Moskova’nın taraflarla dirsek temasını sürdürmesine karşın gelişmeleri çoğunlukla izlemekle yetinmesini, son vakitlerde Erivan’la ortasındaki tansiyona bağlayanlar var. Hakikaten de, Ermenistan’da Batı yanlısı Nikol Paşinyan’ın iki yıl evvel iktidara gelmesinin akabinde bağlantılar hissedilir ölçüde bozuldu. Halbuki Ermenistan Sovyetler Birliği’nin dağılmasından sonra Rusya’nın Kafkasya’daki en sağlam müttefikiydi.
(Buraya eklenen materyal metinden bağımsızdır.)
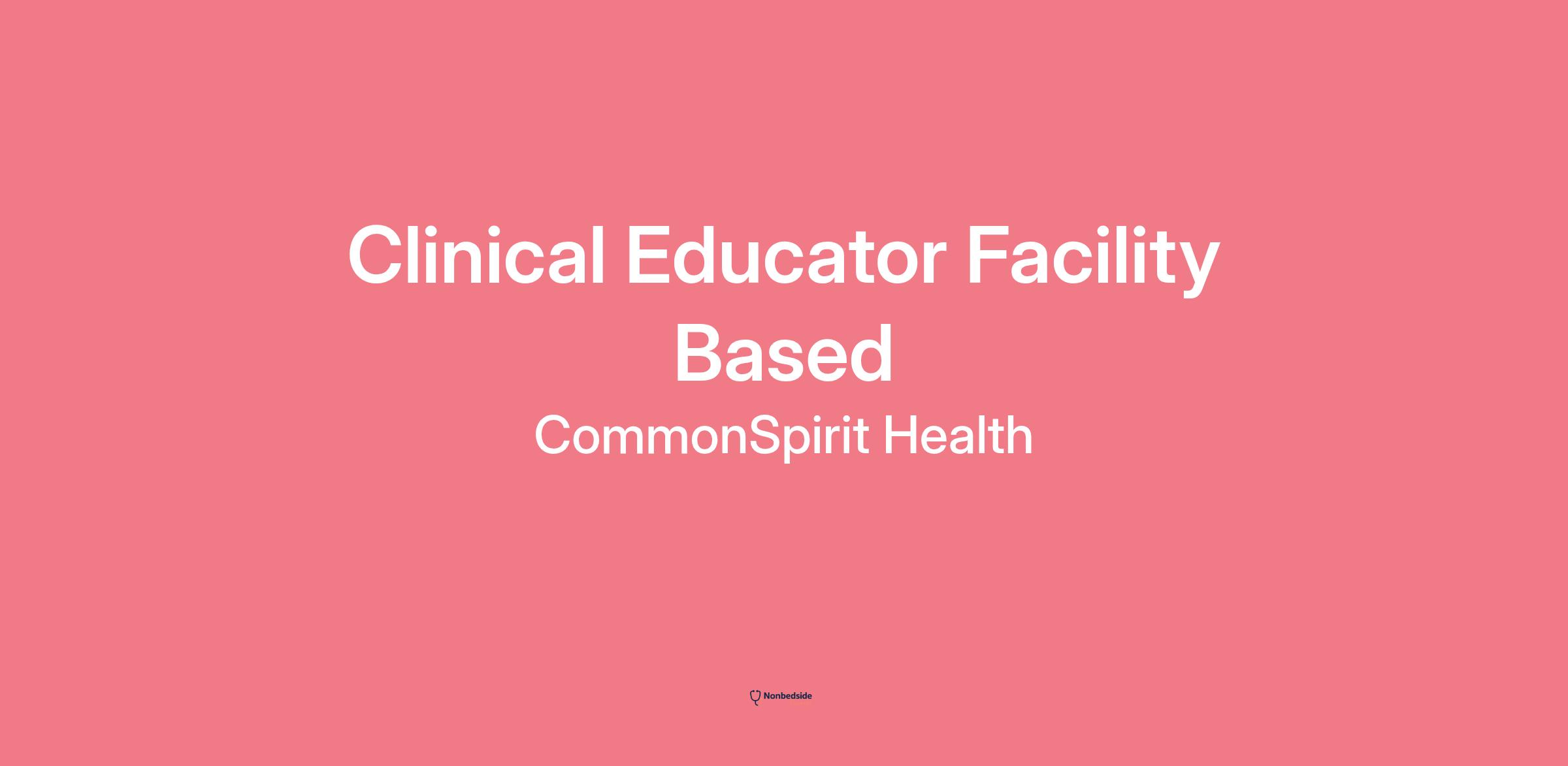 Join to apply for the Clinical Educator Facility Based role at CommonSpirit Health .

Pek çok gözlemci Azerbaycan ordusunun ilerleyişi karşısında Moskova’nın sessizliğini, Paşinyan idaresinin Batı yanlısı siyasetini cezalandırma eforu olarak yorumluyor ki, Rus basınının da paylaştığı bu değerlendirmede haklılık hissesi var görünüyor. Hele hele Erivan’ın son tansiyonda öncelikle Fransa’nın dayanağına bel bağladığı söylentileri ayuka çıkmışken…
Lakin diğer nedenler de var… Örneğin, Rusya uzun müddettir kapalı kapılar arkasında Ermenistan’a işgal altında tuttuğu beş bölgeyi Azerbaycan’a vermesi için telkinde bulunuyor lakin olumlu cevap alamıyor. Fakat Moskova’nın beklendiği kadar ön plana çıkmamasının daha değerli nedenleri bulunuyor. Azerbaycan-Ermenistan ortasındaki çatışmalar Rusya için daha berbat bir vakitte başlayamazdı. Gerçek şu ki, Kafkasya, problemler yumağıyla boğuşan Moskova için-en azından bugün-öncelikler listesinde ön sıralarda yer almıyor.
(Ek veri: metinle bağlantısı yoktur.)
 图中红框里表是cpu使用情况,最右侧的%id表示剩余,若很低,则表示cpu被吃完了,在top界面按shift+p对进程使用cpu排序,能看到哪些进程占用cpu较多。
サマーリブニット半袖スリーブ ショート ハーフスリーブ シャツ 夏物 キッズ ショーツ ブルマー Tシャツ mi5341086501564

Rusya’nın gündeminde öbür hususlar var…
Hükümetin açıkladığı sayılara nazaran, bir milyon 225 bin onaylanmış olay bulunan Rusya’da koronavirüsten ölenlerin sayısı 22 bine yaklaşıyor. Hatta Devlet İstatistik Kurumu (Rosstat) can kaybı sayısını iki kat fazla, 45 bin olarak veriyor. Yani Rusya kaynaklarının ve gücünün bir kısmını tekrar tırmanışa geçen salgınla uğraşa ayırmış durumda. Lakin koronavirüs kâbusu ve hatta bitmek bilmeyen ekonomik problemler bile Rusya’nın Kafkasya’daki izafî hareketsizliğini açıklamaya yetmiyor. İşin aslı, bugün Kremlin’in gündeminde birinci sırada “ölüm kalım” sorunu gördüğü “Belarus sorunu” var.
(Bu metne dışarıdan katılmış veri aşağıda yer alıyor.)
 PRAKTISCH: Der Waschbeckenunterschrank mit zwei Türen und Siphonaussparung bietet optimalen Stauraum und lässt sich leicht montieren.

Sovyetler Birliği’nin dağılmasından bu yana Batı tarafından askeri ve ekonomik kuşatma altına alınan Rusya’nın 2014 yılında Kırım’ı ilhak etmesi hem Türk hem de memleketler arası kamuoyunda “büyük bir zafer” olarak yorumlanmıştı. Meğer, can havliyle Kırım’ı alsa da Rusya, Batı ile ortasında tampon bölge gözüyle baktığı stratejik Ukrayna’nın yörüngesinden çıkmasıyla aslında çok ağır bir darbe yemiş, bir manada kolu kesilmişti. Tarihî olarak Ruslar, “düşman”la direkt karşı karşıya kalmamak için hudutlarında tampon bölgeler bulunmasına hayati ehemmiyet veriyor.
İşte artık Rusya ikinci tarihi darbenin Belarus üzerinden gelmesinden büyük kaygı duyuyor, gerçekte pek de hoşlanmadığı Belarus Devlet Lideri Aleksandr Lukaşenko’yu iktidarda tutabilmek için elinden geleni yapıyor, yardım için ordusunu hazırda tutuyor. Zira şayet Ukrayna’nın akabinde “Belarus duvarı” da çökerse Rusya Batı dünyası ile yüz yüze kalacak ve-küçük Moldova dışında-o taraftaki çember kapanmış olacak. Elbette Kafkasya Moskova için hayati kıymette, elbette oradaki anahtar pozisyonunu kaybetmemek, diğer ülkelerin, örneğin Türkiye’nin rol çalmasını engellemek için sonuna kadar direnecek lakin bölgeyle ilgili tahlil yaparken Rusların şu anda “can derdi”ne düştüğünü gerçeğini de akılda tutmak gerekiyor.